Asserting container health when using docker with ansible

When using Docker with Ansible, the docker_container and docker_compose modules are usually used to manage containers. While these modules work fine and provide a lot of options, the Ansible task itself will only check if this specific task was successful or not. This means it will only check for valid inputs and if the container was started or not. It will not check if the container is actually in a healthy state after starting up.

This is an issue when trusting your build pipeline that the job has actually properly succeeded, i.e., that a healthy container is doing its job now. What you really want is that Ansible is also asserting the healthiness of the container after startup. And failing the playbook if the container is not healthy.

To achieve this, two components are necessary:

Docker container healthcheck

Many containers do not have a healthcheck built-in. Yet often, their underlying service provides an API endpoint to check the health of the service. For example, a webserver might provide an endpoint /health that returns a 200 OK if the service is healthy and a 500 Internal Server Error if the service is not healthy. Look out for the (healthy) suffix in the container overview to check if there is a healthcheck in place already. If not, try to add one yourself.
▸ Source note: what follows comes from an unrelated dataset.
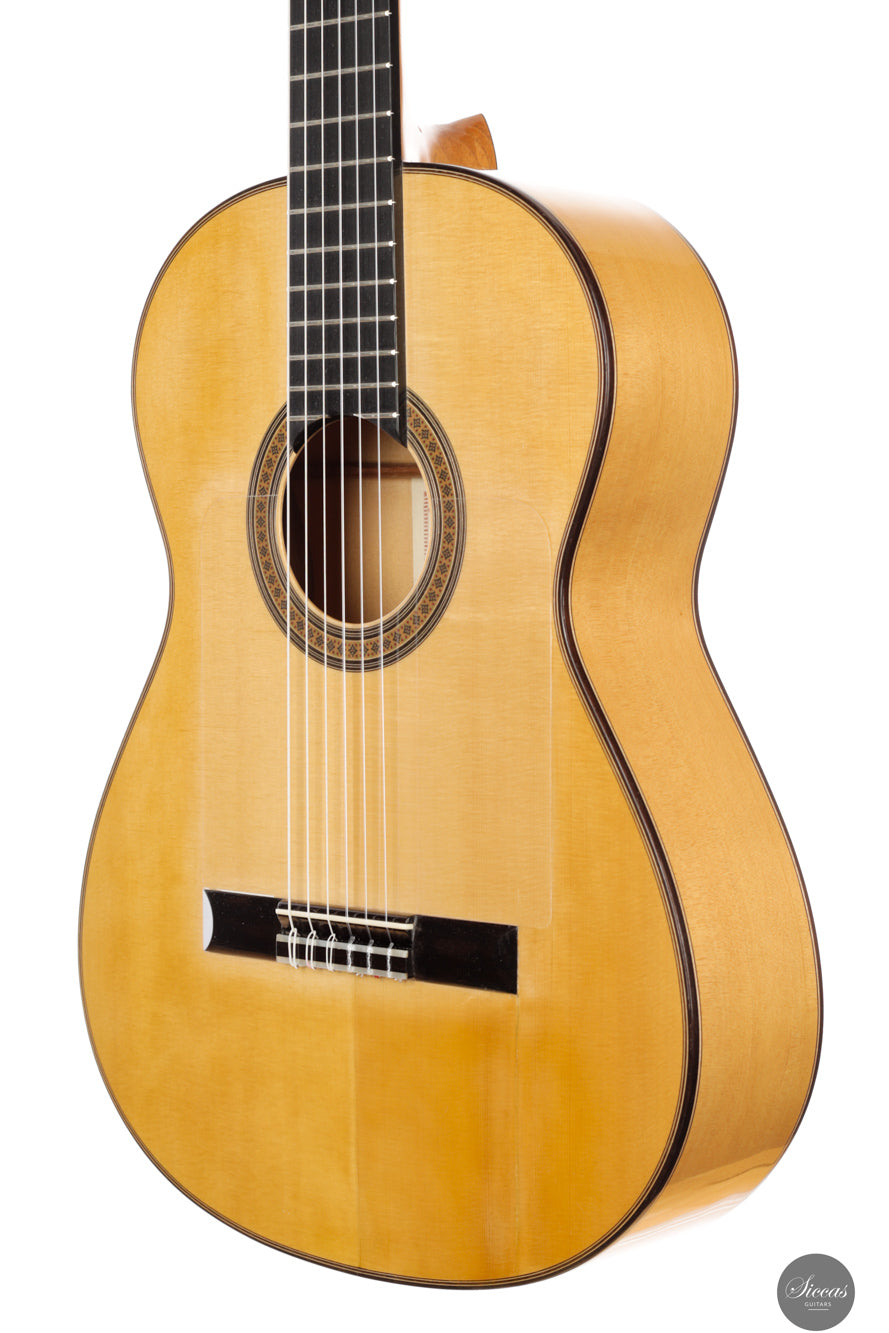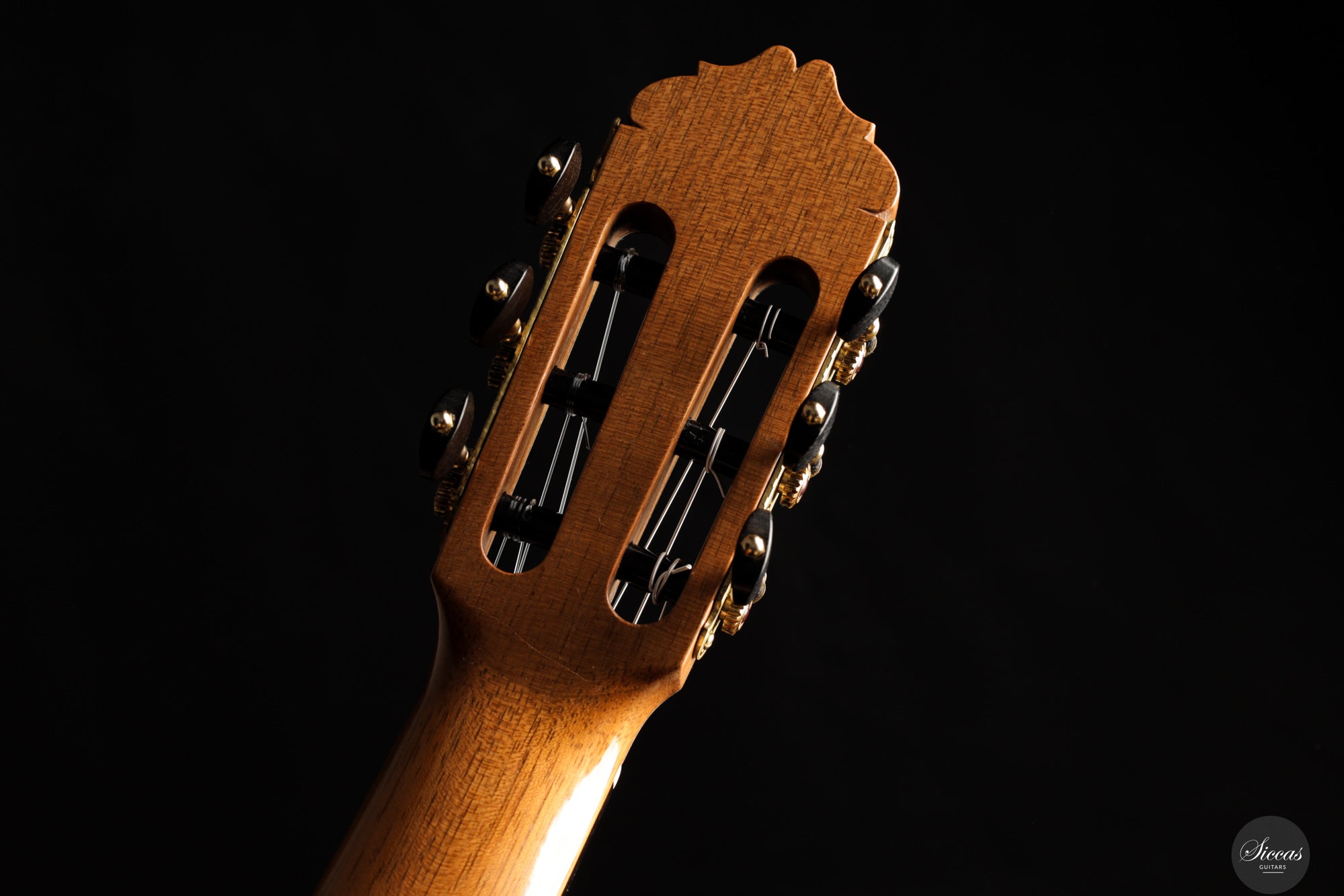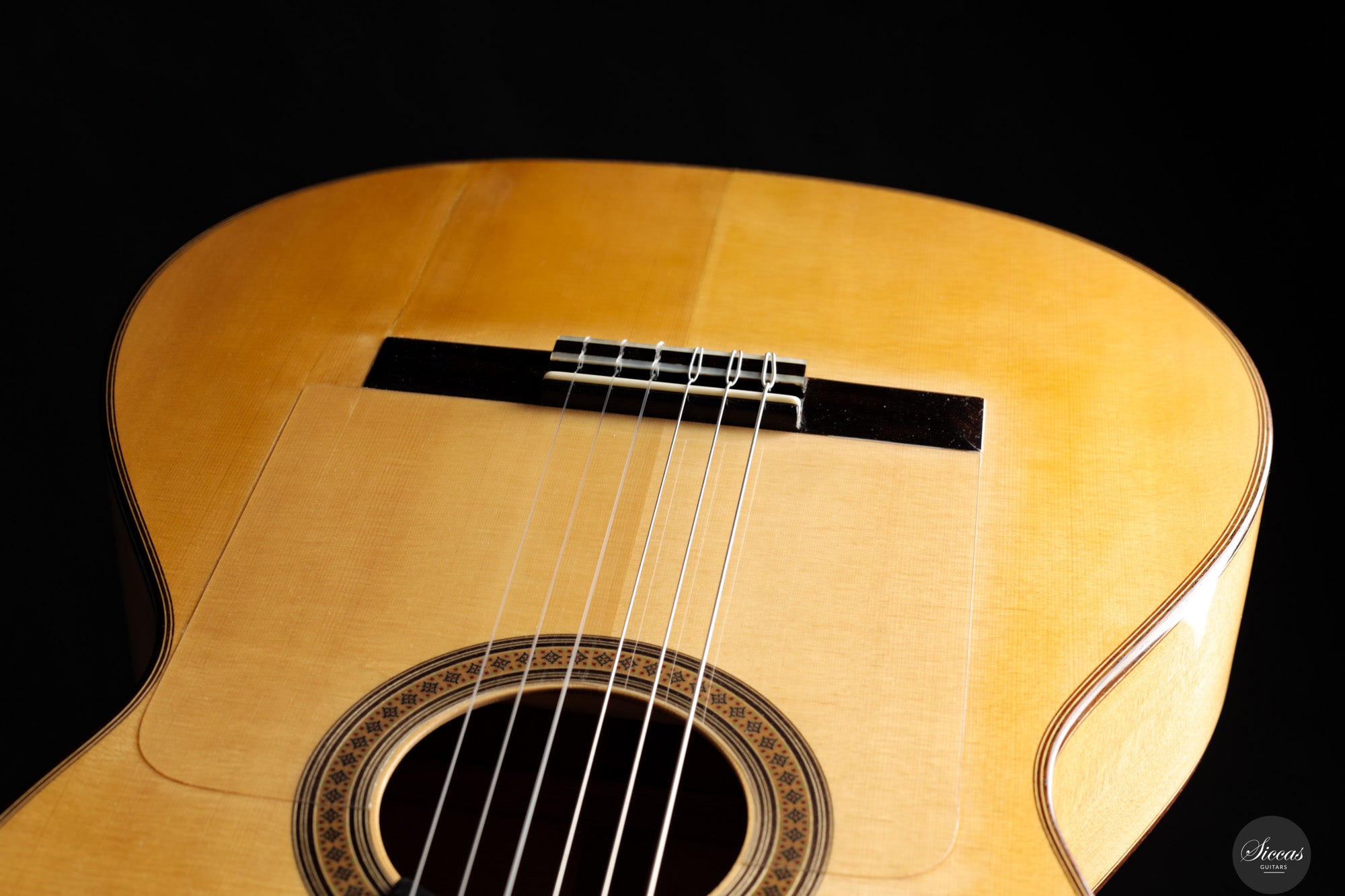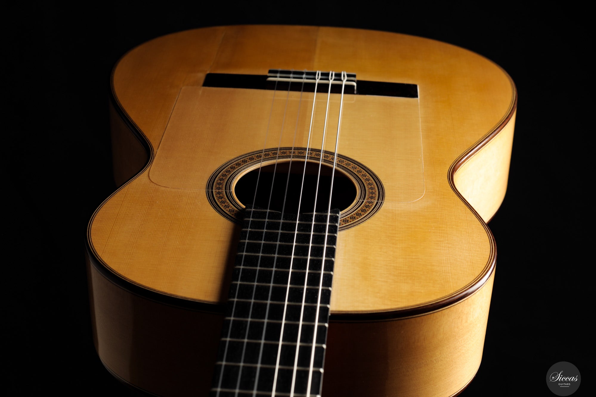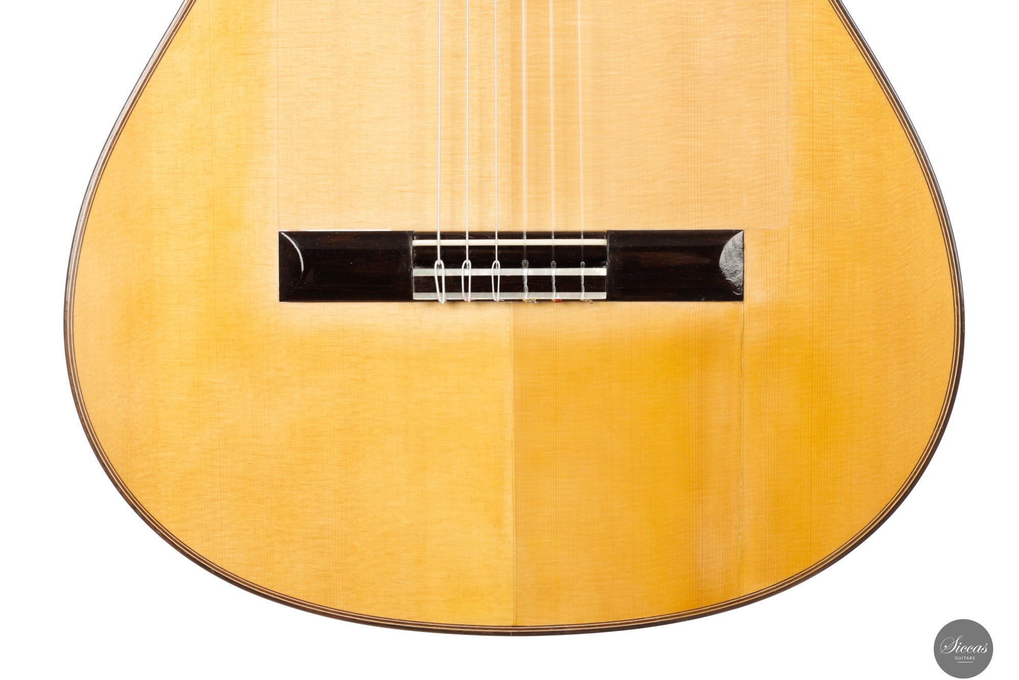 Diese 2012 gebaute Gitarre von Antonio Marín Montero verbindet Elemente der klassischen und der Flamenco-Tradition. Zwar als Flamenca Blanca konzipiert, zeichnet sie sich durch eine ungewöhnlich lyrische, runde Klangsprache aus. Die Fichtendecke und der Zypressenkorpus sorgen für eine schnelle Ansprache und ein trockenes, präzises Klangbild, das dennoch eine weiche Wärme und ein anhaltendes Ausschwingen aufweist – Eigenschaften, die eher klassischen Instrumenten zugeordnet werden. Diese doppelte Klangästhetik ermöglicht es der Gitarre, sich überzeugend in beiden Repertoires zu bewegen. Die Register sind flüssig miteinander verbunden, der Mittenbereich besonders geschmeidig, der Bass klar und fokussiert. Die leicht abgerundete Ansprache und die gute Tragfähigkeit verleihen der Gitarre eine klangliche Tiefe, die in Hybridmodellen selten zu finden ist.

Ansible task to check container health

Now, the important part: The following docker_container_info task will check whether the State.Health.Status field of the container is healthy or not. As configured, it will retry this check 15 times, with a delay of 10 seconds between each check.

- name: Assert container health
  community.docker.docker_container_info:
    name: "<your container name>"
  until: "container_info.container.State.Health.Status == 'healthy'"
  register: container_info
  retries: 15
  delay: 10

When starting up, most healthchecks take a while to become “healthy”. But once this state is reached, you can be sure that the container is in a healthy state and the playbook can safely continue. If not, your playbook will fail after the last retry failed, and you will notice that something is wrong with your container.